(Assigned task):
I need an exact copy of the lines from the one containing "Hay celebraciones que" through the end of the records, without any pictures.

Dataset records:
- Opening Delimiter -
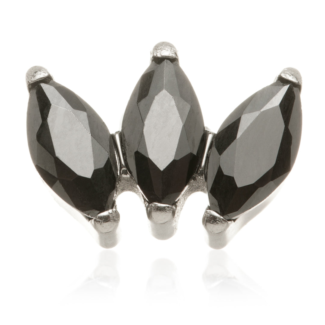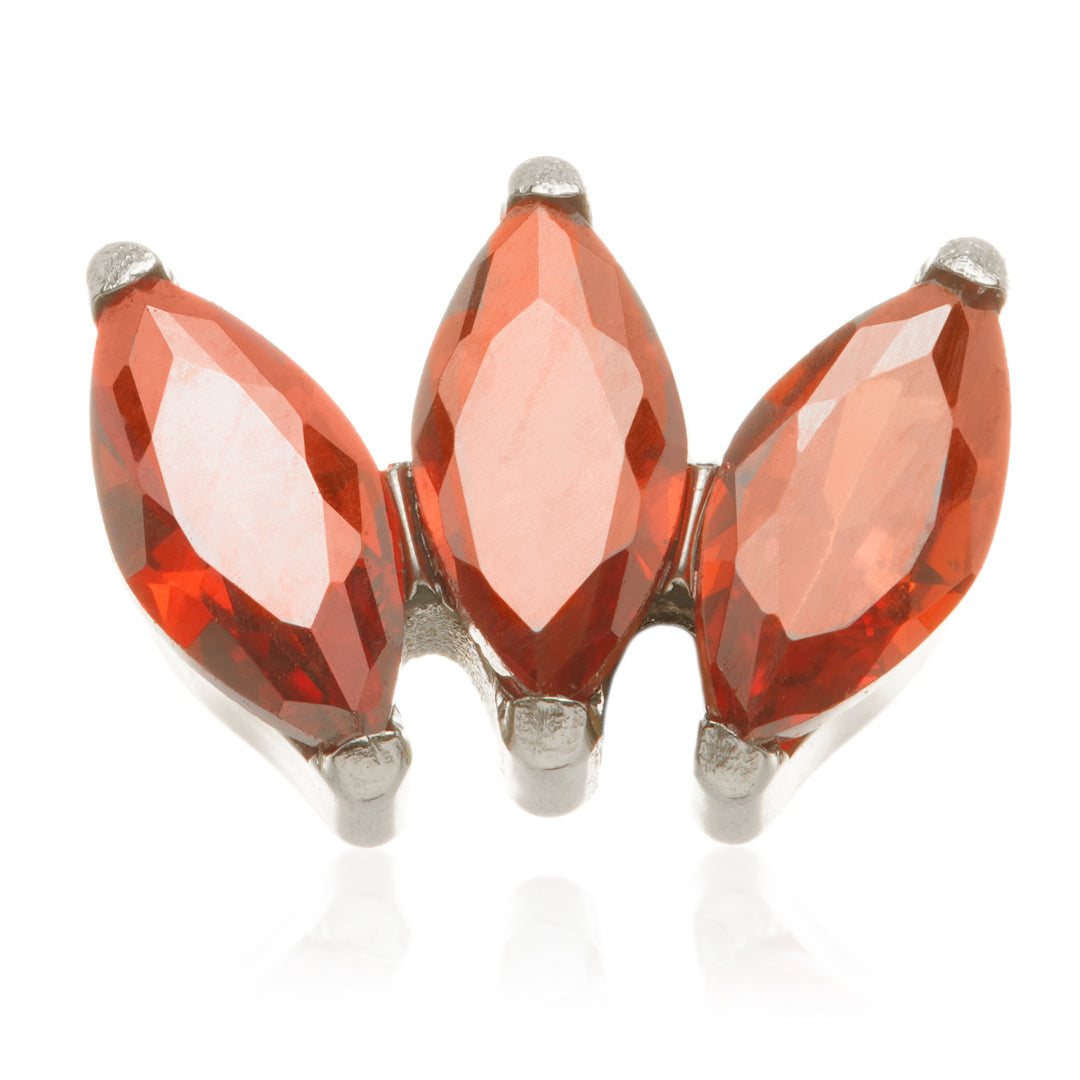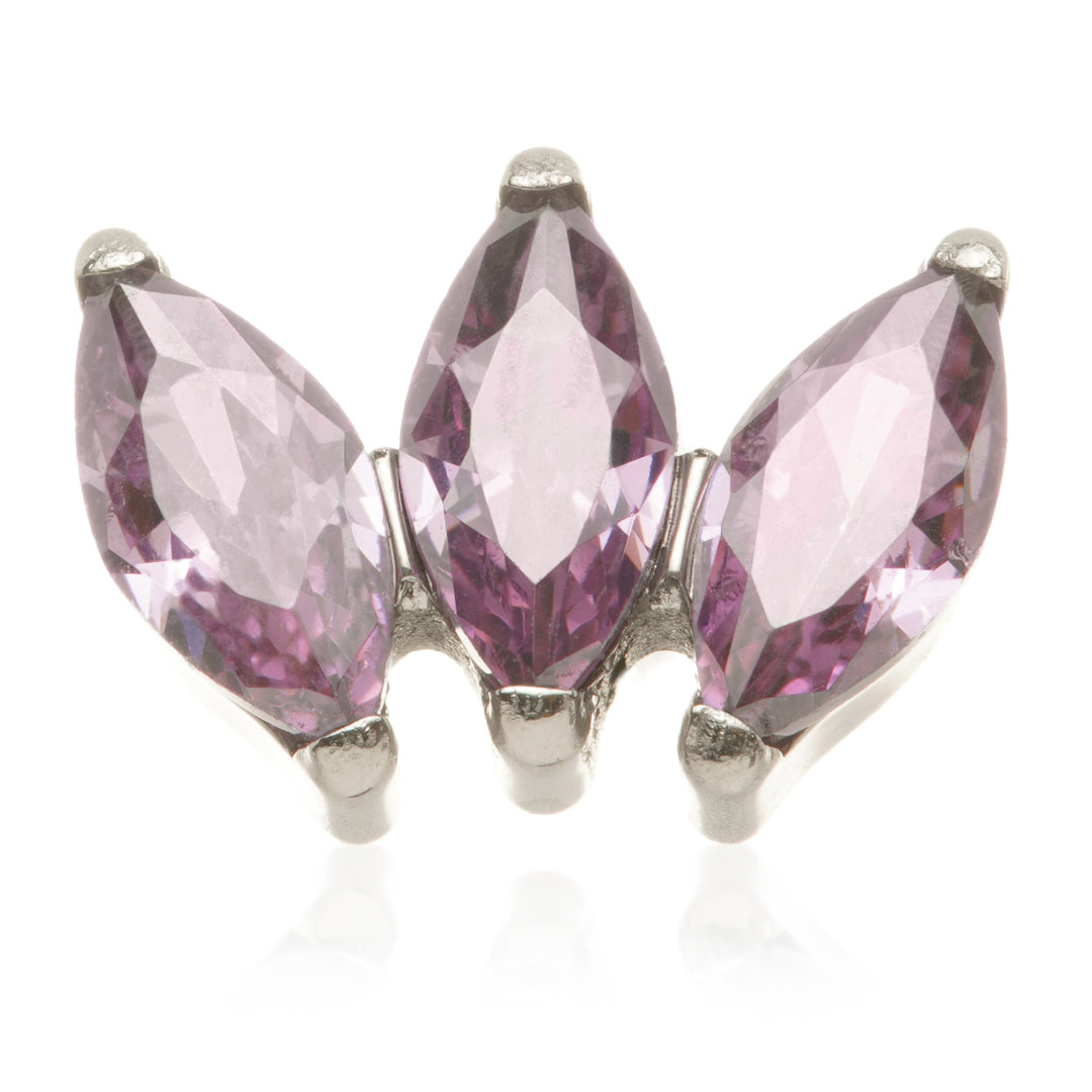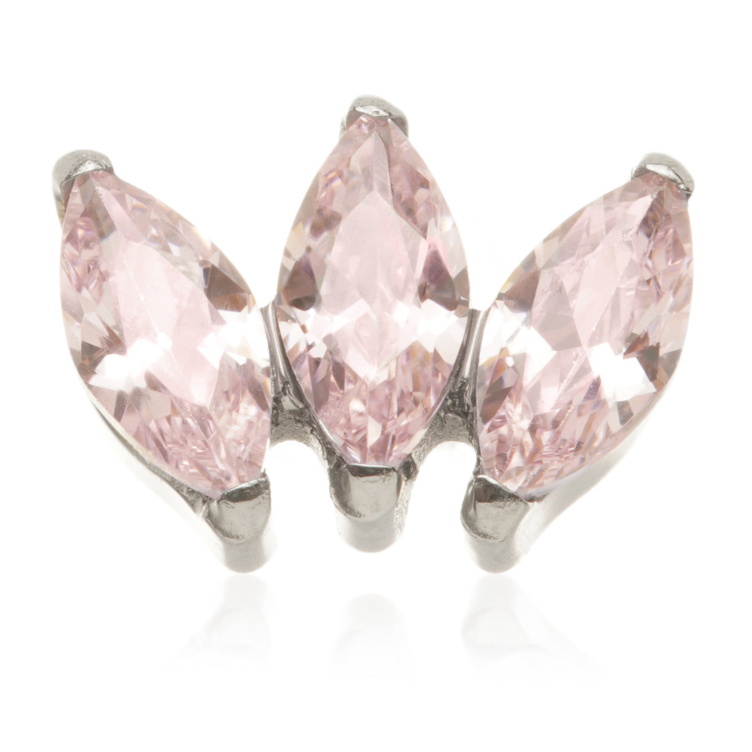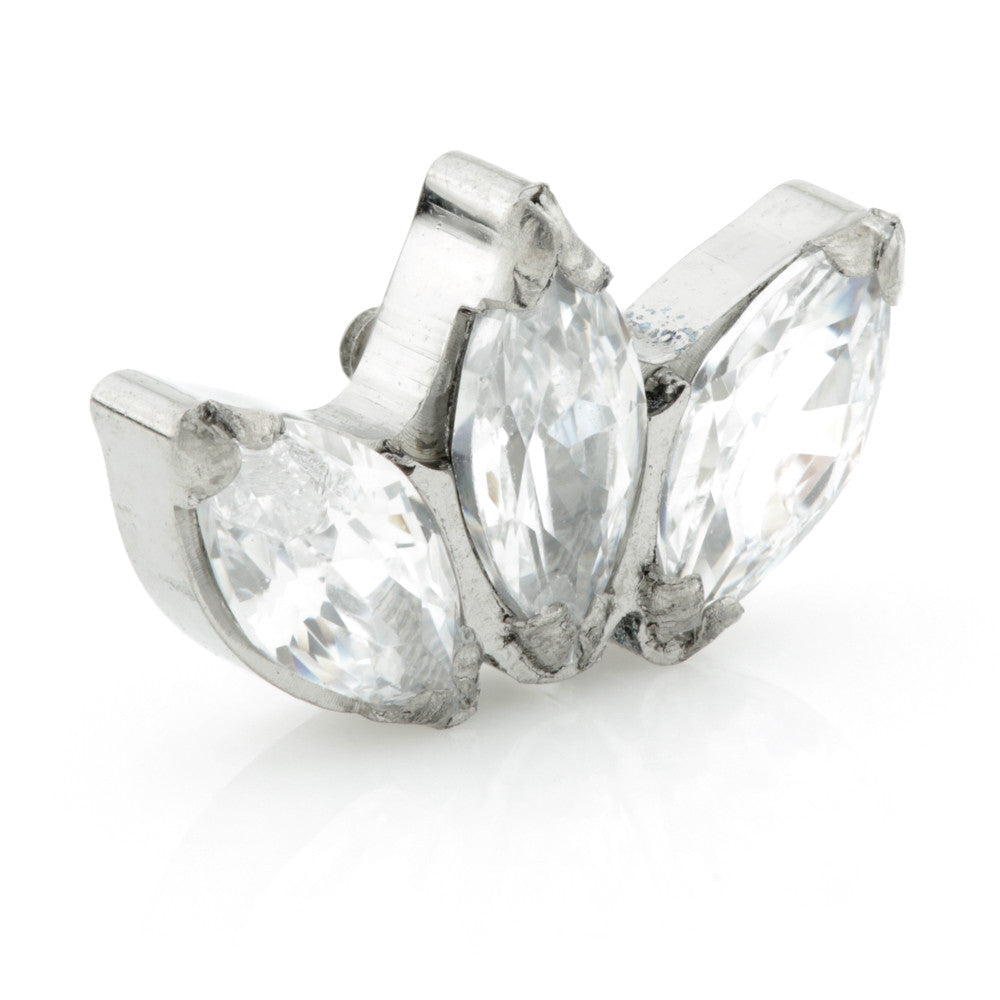 Titanium Internal Triple Gem Marquise Attachment Gauge: 1.2mm (0.9mm thread)Attachment Size: 7mm Gem Colours: AM/CH/CR/EM/GA/JT/LR/TZ/VM Medical Grade Titanium 6Al-4VEli ASTM:F-136
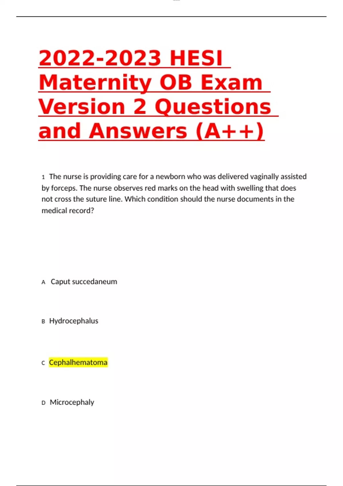 2022/2023 HESI Maternity OB Exam Version 2 Questions and Answers (A++) 1 The nurse is providing care for a newborn who was delivered vaginally assisted by forceps. The nurse observes red marks on the head with swelling that does not cross the suture line. Which condition should the nurse documents in the medical record? A Caput succedaneum B Hydrocephalus C Cephalhematoma D Microcephaly 2 A client at 34 weeks gestation comes to the birthing center complaining of vaginal bleeding that began one hour ago. The nurse assessment reveals approximately 30ML of bright red vaginal bleeding. Fetal rate of 130 - 140 beats per minute, no contractions and no complaints of pain what is the most likely cause of these client's bleeding. A Abruptio Placenta B Placenta Previa C Normal bloody show indicting induction of labor D A ruptured blood vessel in the vaginal vault. 3 A client at 30 weeks gestation reports that she has not felt the baby move in the last 24 hours. Concerned she arrives in a panic at the obstetric clinic where she is immediately sent to the hospital. which assessment warrants immediate intervention by the nurse. A Fetal Heart rate 60 beats per minute B Ruptured amniotic membrane C onset of uterine contractions D leaking amniotic fluid. 4 A client at 37 weeks gestation presents to labor and delivery with contractions every two minutes the nurse observes several shallow small vesicles on her pubis labia and perineum. the nurse should recognize the clients is prohibiting symptoms of which condition? A Genital Warts B Syphilis C Herpes Simplex Virus D German Measles 5 The nurse is planning care for a client at 30 weeks gestation who is experiencing preterm labor which maternity description is most important in preventing this fetus from developing respiratory distress syndrome. A Ampicillin 1 gram IV push q8h B Betamethasone 12 mg deep IM C Terbutaline 0.25 mg subcutaneously q 15 minutes X 3 D Butorphanol tartrate 1mg IV push q2h PRN. 6 A 16 year old gravida 1 para 0 client has just been admitted to the hospital with a diagnosis of eclampsia. She's not presently convulsing. Which intervention should the nurse plan to include in this client's nursing care plan? A Allow liberal family visitation B Keep an airway at the bedside C Assess temperature every hour D Monitor blood pressure, pulse, and respiration every 4 hours. 7 At 12 hours after the birth of a healthy infant the mother complains of feeling constant vaginal pressure. The nurse determines the fundus is firm and at midline with moderate rubra lochia. which action should nurse take? A Check the suprapubic area for distention. B Inform the client to take a warm sitz bath C Inspect clients perineal and rectal areas D Apply a fresh pad and check in 1 hour. 8 If primigravida at 36 weeks gestation who is RH negative experienced abdominal trauma in a motor vehicle collision. Which assessment finding is most important for the nurse to report to the health care provider? A Fetal heart rate at 162 beats /minute B Mild contractions every 10 minutes. C Trace of protein in the urine D. Positive fetal hemoglobin testing 9 In The Ballard Gestational Age Assessment Tool, the nurse determines that a 15-month-old infant as a gestational age of 42 weeks. Based on this finding which intervention is most important for the nurse to implement. A Provide blow by oxygen B Provide a capillary blood glucose C draw arterial blood gases D Apply a pulse oximeter to the foot. 10 A new mother who is a lacto-ovo vegetarian plans to breast feed her infant. which information should the nurse provide prior to discharge. A Continue prenatal vitamins with B12 While breastfeeding B Avoid using Lanolin-based nipple cream or ointment. C Offer iron fortified supplemental formula daily. D Weigh the baby weekly to evaluate the newborns growth. 11 What should be the primary focus of nursing care in the transitional phase of Labor for a client who anticipates an unmedicated delivery. A Assessing the strength of uterine contractions B Re-evaluate the need for medication C Remind her to push 3 times with each contraction. D Assessing her to maintain control. 12 A care provider prescribes a maintenance dose of magnesium sulfate 2 grams per hour intravenously for clients with preeclampsia. The IV bag contains magnesium sulfate 20 grams how much in ml/Hr. should a nurse program the infusion pump enter numerical value only. if the IV bag is 1000 ml the answer is 100 ml per hour 13 *A client at 38 weeks gestation is admitted to labor and delivery with a complaint of contraction 5 minutes apart while the client is in the bathroom changing into a hospital gown the nurse hears the noise of a baby what should the nurse take first? A Push the call light for help B Inspect the clients perineum C Notify a health care provider D Turn on the infant warmer 14 The nurse is caring for a multiparous client who is 8 centimeters dilated 100% effaced and the fetal head is at 0 station. The clients is shivering and states extreme discomfort with the urge to bear down. which intervention should the nurse implement? A Administer IV pain medication B Perform a vaginal exam C Reposition to side lying D Encourage pushing with each contraction. 15 Following a traumatic delivery an infant receives an initial Apgar score of 3. which intervention is most important for the nurse to implement? A Page the pediatrician STAT B Continue resuscitative efforts C Repeat the Apgar assessment in 5 minutes D Inform the parents of the infant's condition. 16 A 3-hour old male infants hands and feet as cyanotic, and has an axillary temperature of 96.5 degrees Fahrenheit 35.8 degrees centigrade a respiratory rate of 40 breaths per minute and a heart rate of 165 beats per minute what nursing action should nurse implement. A Administer oxygen by mouth at 2L/min B Gradually warm the infant under a radiant heat source. C Notify the pediatrician of the infant's vital signs D Perform a heel-stick to maintain blood glucose level 17
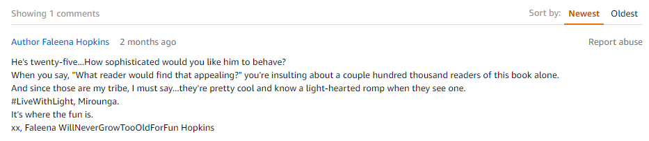 Obviously, when you piss off a bunch of well-meaning authors with such a ridiculous threat, hell burns loose and now she's pretty much alienated herself from the writing community and even people that previously read & enjoyed her books a long time before any of this mess happened.
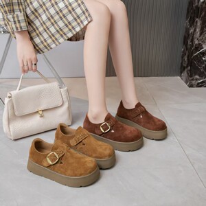 厚底全包勃肯鞋女2025新款真皮复古小个子增高单鞋软底轻便休闲鞋
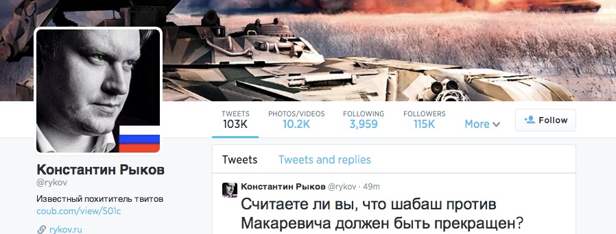 Если вы не очень хорошо представляете Константина, то просто зайдите к нему твиттер.
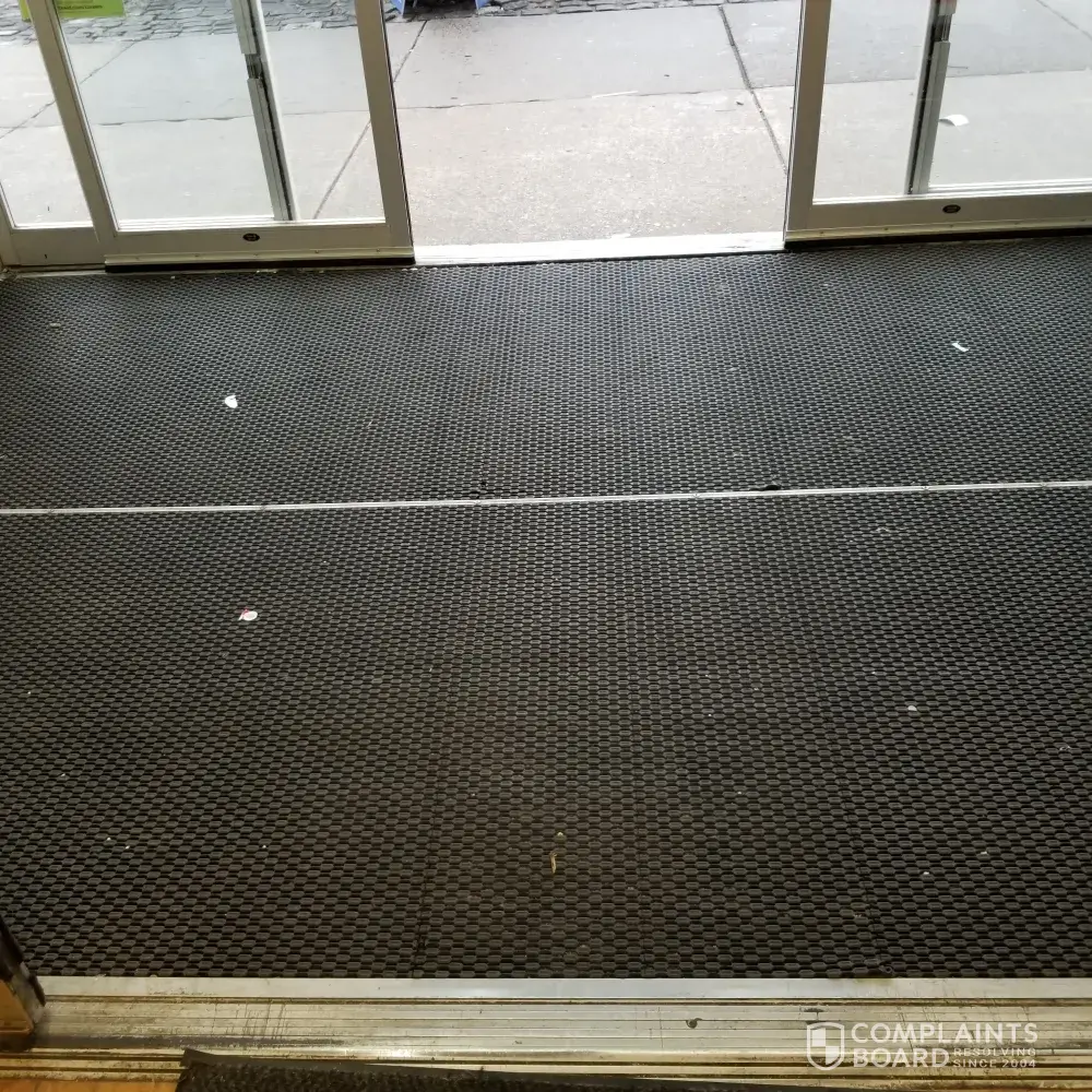 1/3/2020 coming into the doorway at STORE # 00872, I tripped over the loose door mat in the vestibule again coming into the store..I fell hard and bruised my left knee. Passing by pedestrians (2) ladies come into the store to try to help me up, but I didn't feel comfortable with that..because in 7/2019 and 12/2019, I received two total left and right hip...
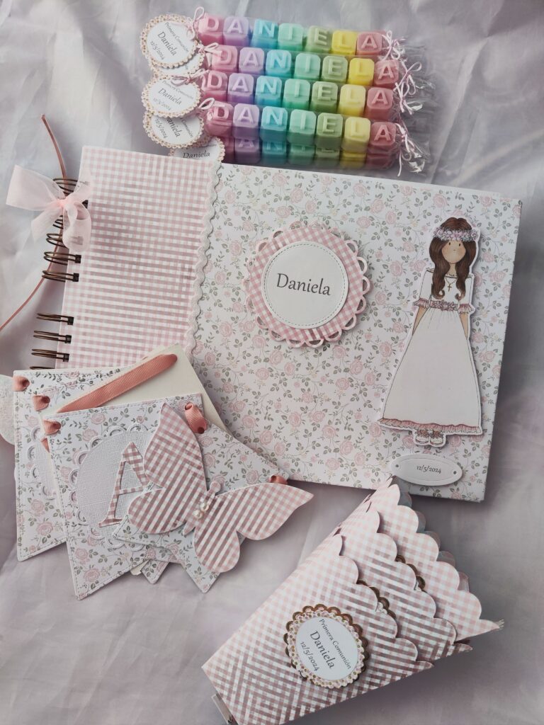 Hay celebraciones que se viven una sola vez, pero cuyos recuerdos nos acompañan siempre. La Primera Comunión es, sin duda, uno de esos momentos especiales que merecen ser guardados con mimo, detalle y mucho cariño. Por eso, este conjunto personalizado ha sido creado pensando en capturar cada emoción, cada sonrisa y cada instante vivido en un día tan significativo.
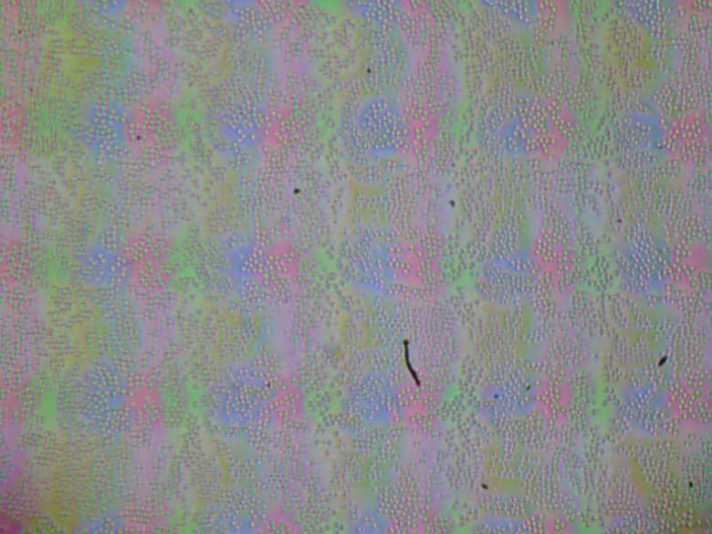 Зерно этих дефектов в несколько раз меньше размеров субпикселей (масштаб этих двух фотографий примерно одинаковый), поэтому фокусировка на микродефектах и «перескок» фокуса по субпикселям при изменении угла зрения выражены слабо, из-за этого нет и «кристаллического» эффекта.
- Closing Delimiter -
(Result of the exercise):
 Hay celebraciones que se viven una sola vez, pero cuyos recuerdos nos acompañan siempre. La Primera Comunión es, sin duda, uno de esos momentos especiales que merecen ser guardados con mimo, detalle y mucho cariño. Por eso, este conjunto personalizado ha sido creado pensando en capturar cada emoción, cada sonrisa y cada instante vivido en un día tan significativo.
 Зерно этих дефектов в несколько раз меньше размеров субпикселей (масштаб этих двух фотографий примерно одинаковый), поэтому фокусировка на микродефектах и «перескок» фокуса по субпикселям при изменении угла зрения выражены слабо, из-за этого нет и «кристаллического» эффекта.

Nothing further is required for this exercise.